+++ Study material

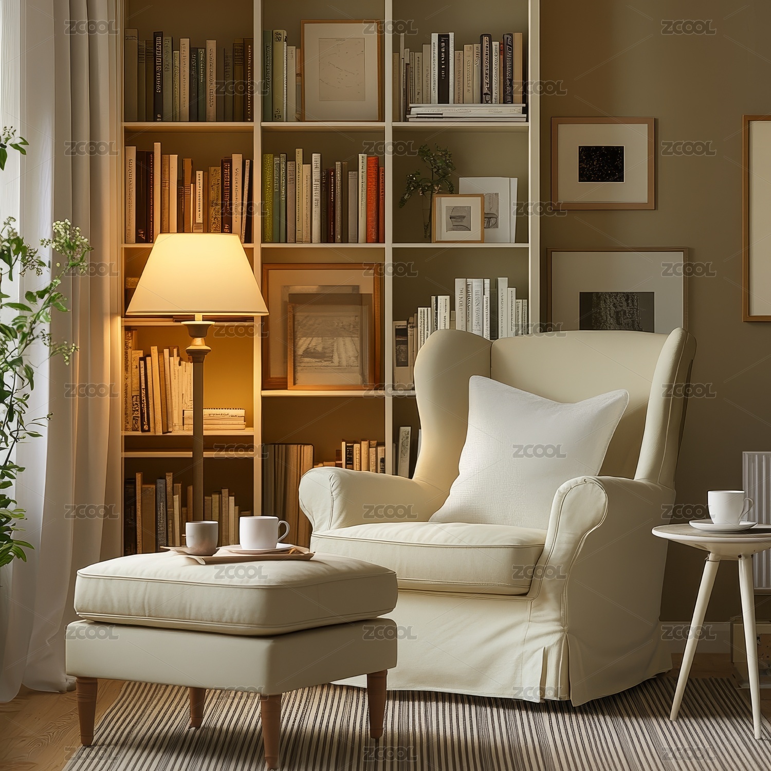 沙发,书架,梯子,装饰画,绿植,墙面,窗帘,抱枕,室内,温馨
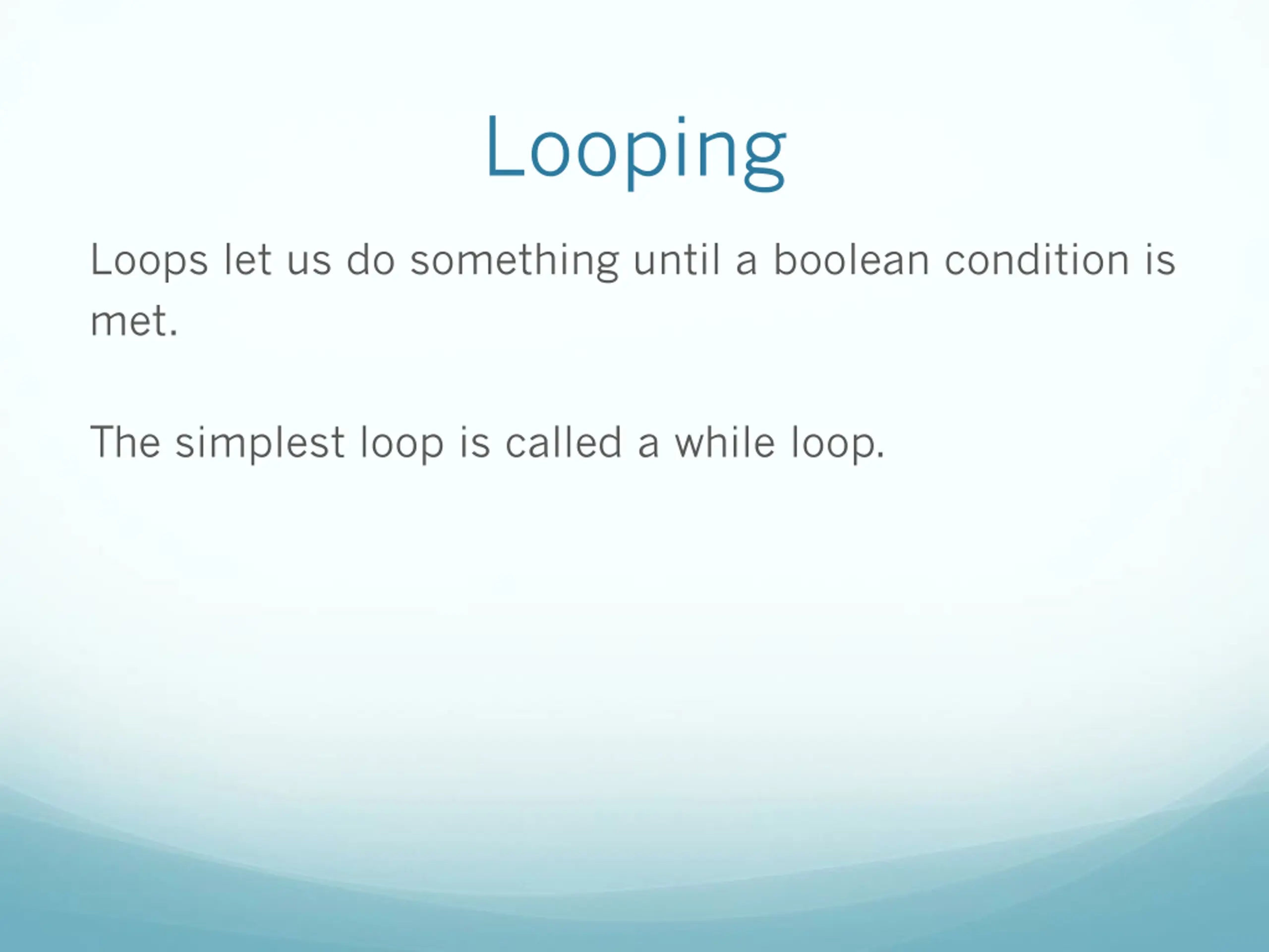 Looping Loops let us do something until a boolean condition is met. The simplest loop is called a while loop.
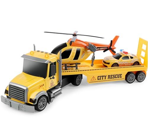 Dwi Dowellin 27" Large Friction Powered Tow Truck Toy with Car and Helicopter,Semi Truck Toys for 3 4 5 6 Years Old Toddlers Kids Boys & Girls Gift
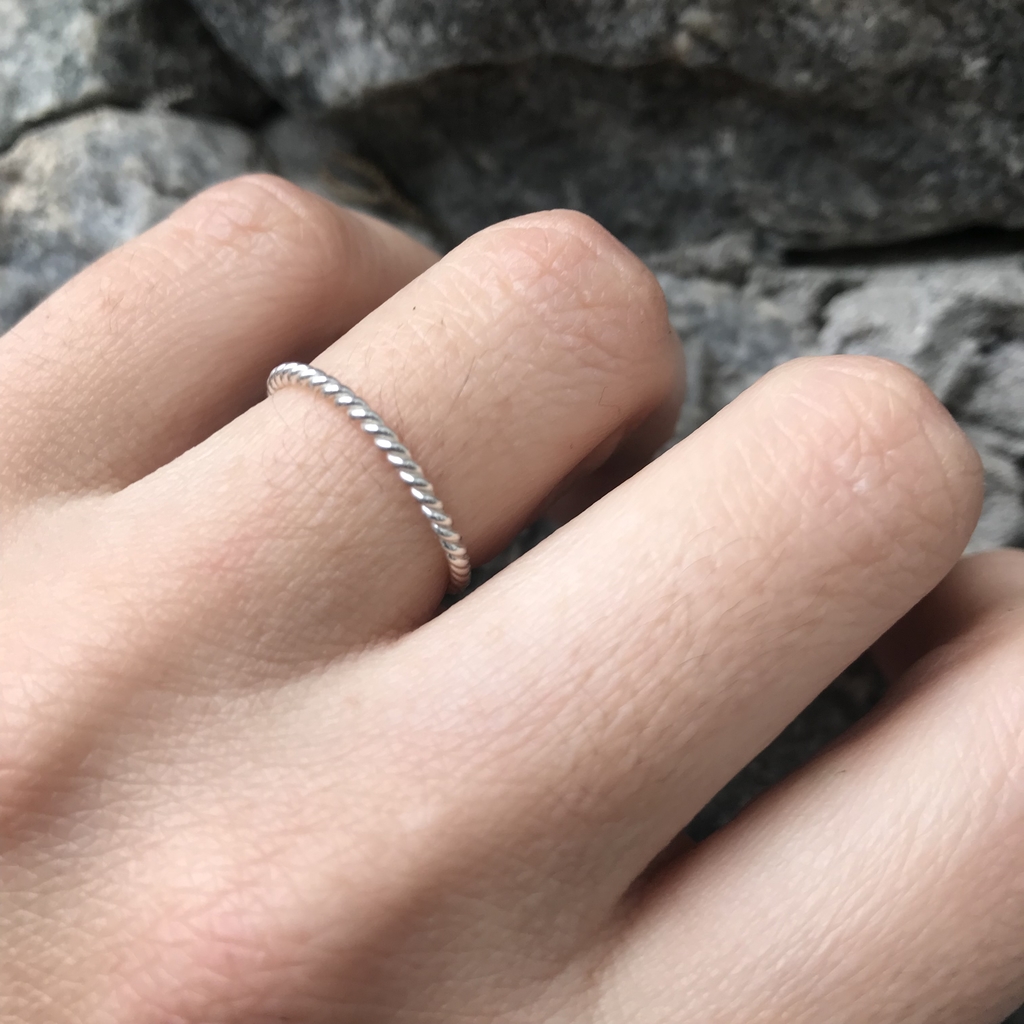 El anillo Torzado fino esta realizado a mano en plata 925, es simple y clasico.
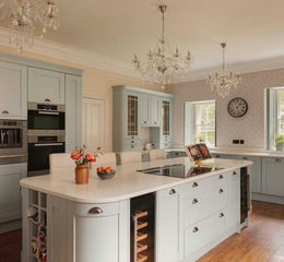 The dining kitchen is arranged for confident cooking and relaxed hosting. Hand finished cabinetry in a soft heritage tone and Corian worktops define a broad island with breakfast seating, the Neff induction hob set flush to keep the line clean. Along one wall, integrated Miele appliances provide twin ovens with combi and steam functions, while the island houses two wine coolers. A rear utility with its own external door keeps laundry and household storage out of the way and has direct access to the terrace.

++++++

Could you copy out every record exactly, minus the pictures?

* [Response to this exercise]
 沙发,书架,梯子,装饰画,绿植,墙面,窗帘,抱枕,室内,温馨
 Looping Loops let us do something until a boolean condition is met. The simplest loop is called a while loop.
 Dwi Dowellin 27" Large Friction Powered Tow Truck Toy with Car and Helicopter,Semi Truck Toys for 3 4 5 6 Years Old Toddlers Kids Boys & Girls Gift
 El anillo Torzado fino esta realizado a mano en plata 925, es simple y clasico.
 The dining kitchen is arranged for confident cooking and relaxed hosting. Hand finished cabinetry in a soft heritage tone and Corian worktops define a broad island with breakfast seating, the Neff induction hob set flush to keep the line clean. Along one wall, integrated Miele appliances provide twin ovens with combi and steam functions, while the island houses two wine coolers. A rear utility with its own external door keeps laundry and household storage out of the way and has direct access to the terrace.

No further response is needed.